PGPKey *myPublicKey = [self.oPGP getKeyForIdentifier:@"979E4B03DFFE30C6" type:PGPKeyPublic];

/* export public key and save as armored (ASCII) file */
NSData *armoredKeyData = [pgp exportKey:myPublicKey armored:YES];
[armoredKeyData writeToFile:@"pubkey.asc" atomically:YES];
Sign data (or file)
NSData *fileContent = [NSData dataWithContentsOfFile:@"/path/file/to/data.txt"];

/* choose key to sign */
PGPKey *keyToSign = [self.oPGP getKeyForIdentifier:@"979E4B03DFFE30C6" type:PGPKeySecret];

/* sign and return signature (detached = YES) */
NSData *signature = [pgp signData:fileContent usingSecretKey:keyToSign passphrase:nil detached:YES];

/* sign and return signed data (detached = NO) */
NSData *signedData = [pgp signData:fileContent usingSecretKey:keyToSign passphrase:nil detached:NO];
Verify signature from data (or file)
/* embedded signature */
NSData *signedContent = [NSData dataWithContentsOfFile:@"/path/file/to/data.signed"];
if ([pgp verifyData:signedContent]) {
    NSLog(@"Verification success");
}

/* detached signature */
NSData *signatureContent = [NSData dataWithContentsOfFile:@"/path/file/to/signature"];
NSData *dataContent = [NSData dataWithContentsOfFile:@"/path/file/to/data.txt"];
if ([pgp verifyData:dataContent withSignature:signatureContent]) {
    NSLog(@"Verification success");
}
Encrypt data with previously loaded public key
NSError *error = nil;

NSData *fileContent = [NSData dataWithContentsOfFile:@"/path/file/to/data.txt"];

/* public key to encrypt data, must be loaded previously */
PGPKey *keyToEncrypt = [self.oPGP getKeyForIdentifier:@"979E4B03DFFE30C6" type:PGPKeyPublic];

/* encrypt data, armor output (ASCII file)  */
NSData *encryptedData = [pgp encryptData:fileContent usingPublicKey:keyToEncrypt armored:YES error:&error];
if (encryptedData && !error) {
    NSLog(@"encryption success");
    [encryptedData writeToFile:@"/path/to/encrypted/file.gpg" atomically:YES]
}
Decrypt data with previously loaded private key
NSData *encryptedFileContent = [NSData dataWithContentsOfFile:@"/path/file/to/data.gpg"];

/* need provide passphrase if required */
NSError *error = nil;
NSData *decryptedData = [pgp decryptData:encryptedFileContent passphrase:nil error:&error];
if (encryptedData && !error) {
    NSLog(@"decryption success");
}

Author

Marcin Krzyżanowski

Follow me on Twitter (@krzyzanowskim)

License

If you use this software in a product, an acknowledgment in the product documentation is required. You can purchase a Non-Attribution-License for 75 Euros for not having to include the LICENSE text.
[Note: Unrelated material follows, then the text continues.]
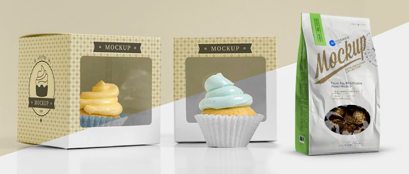 ตัวอย่าง : กล่องใส่เค้กดีไซน์ด้วยสีโทน Pastel และมีการใช้เทคนิคการเจาะหน้าต่างพร้อมติดแผ่นใส เพื่อโชว์คัฟเค้กที่รสชาติแตกต่างกันไป เช่นกันเดียวกับซองบรรจุป๊อปคอร์นที่ใช้เทคนิคเดียวกันเพื่อโชว์ป๊อปคอร์นที่อยู่ด้านใน เพราะมีหลายรสชาติให้ลูกค้าเลือก
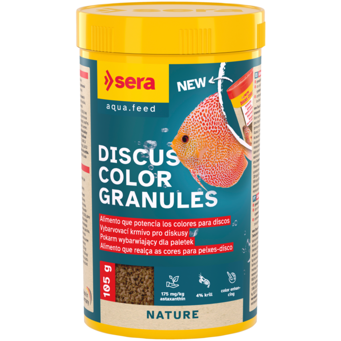 Discus Color Granules je vybarvovací krmivo bez barviv a konzervačních látek, které se skládá z šetrně vyrobených měkkých granulí pro všechny druhy diskusů.

Copyright (C) 2014 Marcin Krzyżanowski
This software is provided 'as-is', without any express or implied warranty. 

In no event will the authors be held liable for any damages arising from the use of this software. 

Permission is granted to anyone to use this software for any purpose,including commercial applications, and to alter it and redistribute it freely, subject to the following restrictions:

- The origin of this software must not be misrepresented; you must not claim that you wrote the original software. If you use this software in a product, an acknowledgment in the product documentation is required.
- Altered source versions must be plainly marked as such, and must not be misrepresented as being the original software.
- This notice may not be removed or altered from any source or binary distribution.

opgp - command line tool

For you convenience I've build command line tool (OS X) - opgp that uses this library, so you can play with it easily.

If you want to install this tool, simply copy file to /usr/local/bin directory on you mac.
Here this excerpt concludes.